I agree with this. Just a case of getting through who is in charge. If you try to lead him in and he won't then get him moving. Circle  him, he will have to move that way. Back him up. If necessary back him to where you want to go. I am sure he is very bright and will then soon learn you mean business. Same thing goes for riding. Not moving isn't an option. Tight circles, back up do anything to keep him moving. 
I'm afraid that if I couldn't get a horse moving the first time I tried to bring him in he wouldn't get an apple when I tried again! 
If you are giving treats cut them out. 

You say you are getting intimidated. He is simply picking this up and taking up his place as the leader in your little herd of 2. 
Change the focus.

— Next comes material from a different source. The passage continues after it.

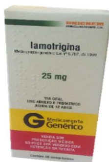
9404-Lamotrigina 100mg c/30 9405-Lamotrigina 25mg c/30 9406-Lamotrigina 50mg c/30 Referência: Lamictal

March up to him,  you are in charge and he is bliddy well going to move and quickly.


----------



## Zero00000 (6 September 2016)

My old girl is the same,
Far too smart for her own good and works people out very quickly!

Be firm, calm oh and wear a hat


----------



## texel (15 October 2016)

It is a question of familiarity  - you are new to him, your scent, mannerisms, adrenalin  etc.   he just isn't sure about you and isn't quite sure what your cues and signals mean and what you want him to do.   

Speaking from experience with sharers, the owner should be around to  help you and the horse adjust to each other.  We can say the horse is being awkward and testing us but to be fair he is probably so used to his owner's cues he does not recognise your   yet and if you are anxious yourself he will pick up on this.   Having said that some horses seem not to worry when a new human arrives on the scene and others do. 

As suggested don't give any treats and any horse that plants can be persuaded to move by controlling his head - where the head goes the feet follow.   Try basic groundwork so you can bond with him.

Let us know how it goes.


----------



## Ernest Doodles (15 October 2016)

Great response texel


----------



## Pearlsasinger (16 October 2016)

Take a schooling whip and swish it behind him, the noise often gets them moving.


----------



## soulfull (16 October 2016)

Speak to the owner. Honestly I would be very cross if my sharer had not told me straight away.


----------